The stylopod/zeugopod (SZ) boundary of meis and hoxa11 in the sarcopterygian lungfish pectoral fins provides a molecular basis for the phylogenetic homologies between tetrapod forelimb and lungfish pectoral fins [49, 50]. In our study, meis1 and hoxa11 gene expression domains in Neoceratodus paired pectoral fins closely resemble those of tetrapod limbs, in that both structures have a S/Z boundary during their growth and patterning. While all four clusters of tetrapod Hox genes are expressed, 5′ genes of the A cluster are most significant in specifying proximo-distal patterning and the D cluster in antero-posterior orientation [2, 78, 79]. Hox gene expression during the development of tetrapod limbs occurs in two distinct phases associated with different regions of the limb. During outgrowth of paired lobed fins, a unique extended domain of hoxa11 expression becomes disconnected along the proximo-distal axis by the creation of a zone with cells producing low mRNA. The question of whether the region with low hoxa11 expression observed in lungfish fins possesses a “mesopodial identity”, as a zone of transition between two distinct phases of hoxa11 expression, or it is merely labeling the separation between elongated bones (the humerus and the ulna/radius), “cannot be solved by the mere contemplation of expression patterns” [78] and thus requires more evidence [44, 78, 80]. Here, the fundamental difference in Hox gene expression between a dipnoan fin and a tetrapod limb is the overlap between the expression domains of hoxa11 and hoxd13 throughout the region representing lobed fin radials [56, 81]. Co-expression of these two genes also occurs during rayed fin development, but it is very early in comparison with lungfish fins where it is found after the homologues of the stylopod and zeugopod have begun to condense [40, 43, 44]. Thus, in terms of Hox gene expression, the paired fins of N. forsteri may be viewed as lacking an autopod (hoxd13 expression is not exclusive to a distal region beyond hoxa11 expression).

Conclusions

Our findings for Neoceratodus specifically highlight the homology of stylopod and zeugopod elements described previously from fossil and morphological evidence. This leaves only the autopod as a possible tetrapod invention. The reiterated Meis expression is a clear separation from the position in tetrapod limbs and must represent a distal developmental pattern of the paired lobed fin of the Australian lungfish. If we consider the segmental pattern of Meis gene expression in lobed fins and its absence in tetrapod limbs to be a clear fin vs limb patterning, it calls into question the concept of a metapterygial axis equating to various autopodal parts [82]. The evidence in paddlefish pectoral fins of proximal meis2 expression makes us favor the hypothesis of distal meis1 and meis3 expression pattern being simply an independently derived dipnoan specialization.
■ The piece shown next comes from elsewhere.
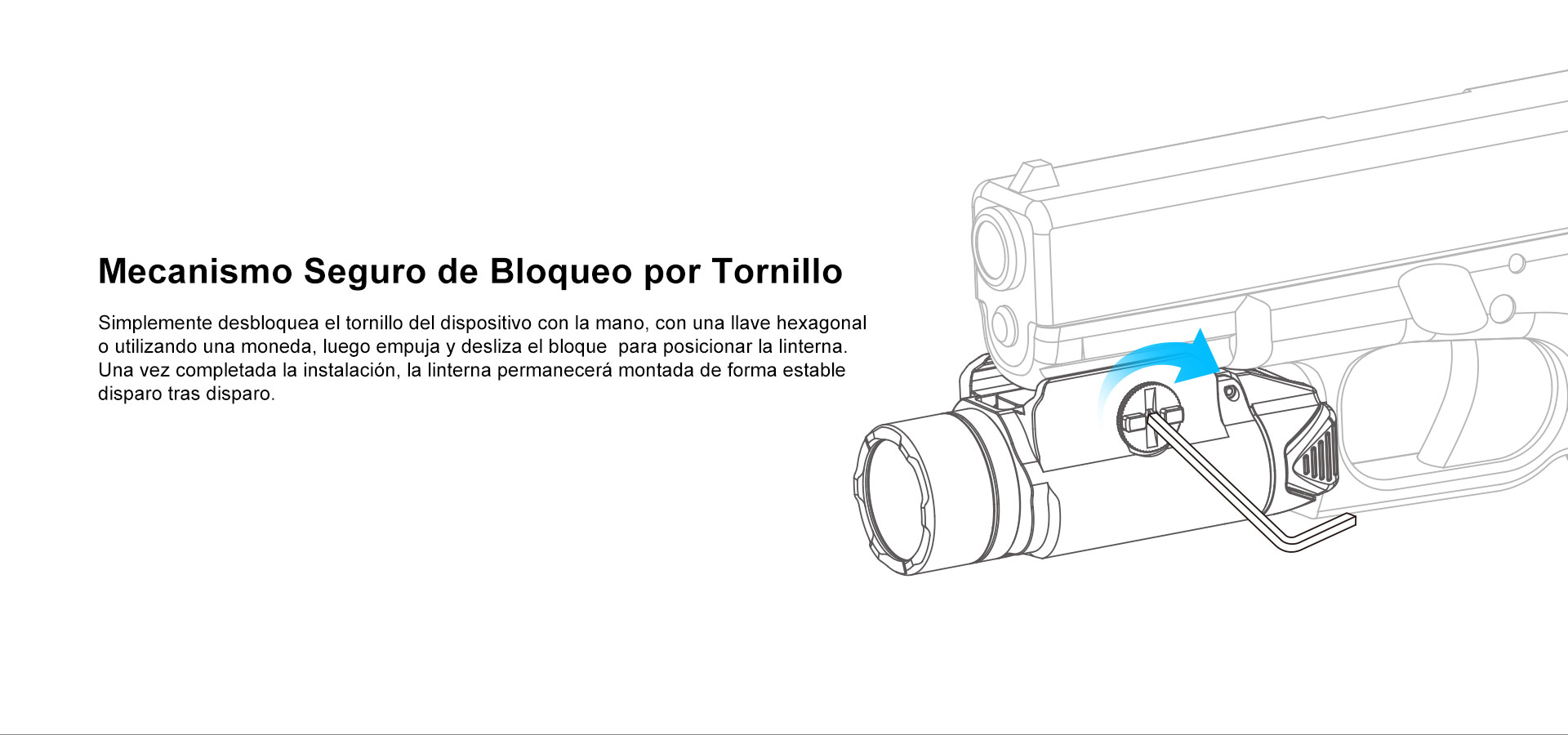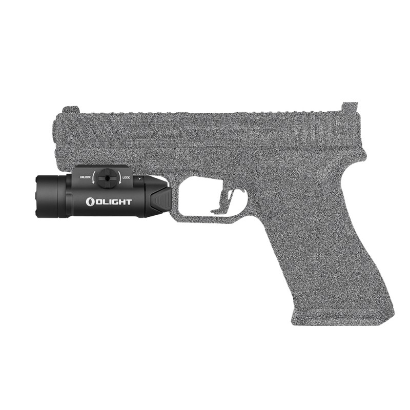Linterna recargable de alta potencia para arma corta con 1.500 lúmenes y 225 metros de alcance. Sistema de bloqueo y carril deslizable y ajustable para hacer compatible su montaje en una amplia gama de armas.

Certain apomorphies of paired lobed fins, such as distal Meis expression, are perhaps to be expected given the current phylogenetic position of dipnoans relative to tetrapods, as the extant sister group to the Tetrapoda, but more phylogenetically distant relative to a number of fossil sarcopterygians [83, 84]. In effect, proximo-distal sequence of Meis expression along the metapterygial axis of lobed fins seems to be supportive of the role of segmentation for limb development [85]. Morphologically, lungfish fins have both stylopod and zeugopod equivalents. One century after its proposal, we provide the first molecular validation of W. K. Gregory’s breakthrough view that the upper and forearm of the tetrapod limb originated from the skeletal elements of crown-sarcopterygian fishes [49, 50].

Declarations

Authors’ contributions

JMPJ and PS conceived of the project, wrote the manuscript, prepared all figures and provided financial support through grant application, JMPJ collected lungfish embryos, MF cloned lungfish Meis genes, FL performed lungfish experiments, EDF performed zebrafish experiments, VN participated in the design of the study and helped in the draft of the manuscript, and LC carried out the phylogenetic analyses. All authors read and approved the final manuscript.

Acknowledgements

We thank Gianluca De Rienzo, Rolf Ericsson, Charles Sagerstrom and Margareta Sutija for reagents; Elio Biffali for technical support at the Service of Molecular Biology of the Stazione Zoologica Anton Dohrn; Alison Cole, Salvatore D’Aniello, Alessandro Minelli, Remo Sanges, Günter Wagner and Jozsef Zakany for comments on this manuscript.

Competing interests

The authors declare that they have no no competing interests.

Availability of data and supporting materials

All data generated or analyzed during this study are included in this published article (and its supplementary information files).

Consent for publication

All authors gave final approval for publication.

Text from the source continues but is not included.